As a GM, killing characters is easy. Seriously, it’s no kind of challenge at all. And I’m not talking about what I regard as the silly ‘adversarial’ stuff that I’m told still lurks in some corners of the hobby. I mean that a rigorously impartial GM could play entirely by the rules and still fairly preside over a TPK week in, week out. Far from striving to kill characters I would suggest that a fair proportion of GMs spend a significant amount of time gently steering players away from taking decisions that would result in the death of their characters. How many in- or out-of-character player discussions about how to proceed end with the GM asking ‘Are you sure you want to do that?’

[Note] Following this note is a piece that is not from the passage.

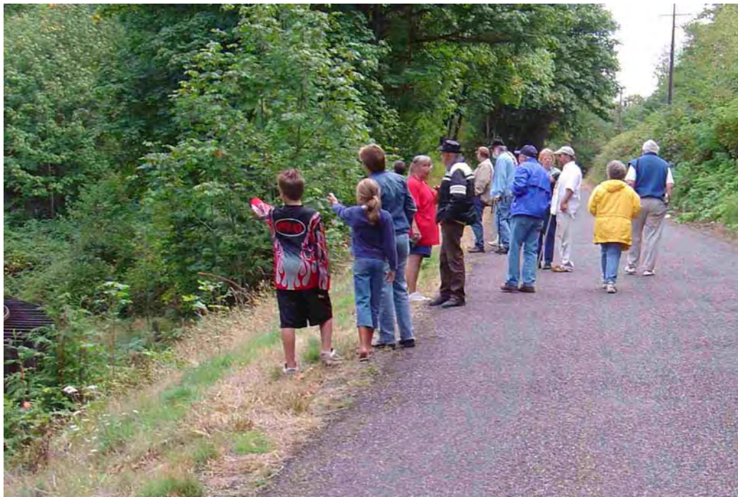
Webfooters view the Wooden Water Flume

As a general rule, this is fine by me, but it comes with an attendant risk if pressed too far. Players who know they have a GM who will wrap them in metaphorical cotton wool can react in one of two ways - ennui or transgression (in practice, one often leads to the other). Boredom is a predictable response when players begin to grasp that, whatever their characters do, they won’t be compelled to suffer any consequences. Another reaction to this realisation (or to the tedium that precedes or accompanies it) is for players to push the boundaries of character action to extremes in a desperate attempt to make something - anything - happen; to compel the game world and its inhabitants (i.e. the GM) to respond and so force meaningful decisions and genuine stakes on the group. If the GM persists in giving characters impenetrable plot armour (by which I mean the armour is impenetrable, not the plot, although, given some of my more convoluted games…), the result is very likely to be more boredom which induces yet more drastic choices by the players and so round and round it goes.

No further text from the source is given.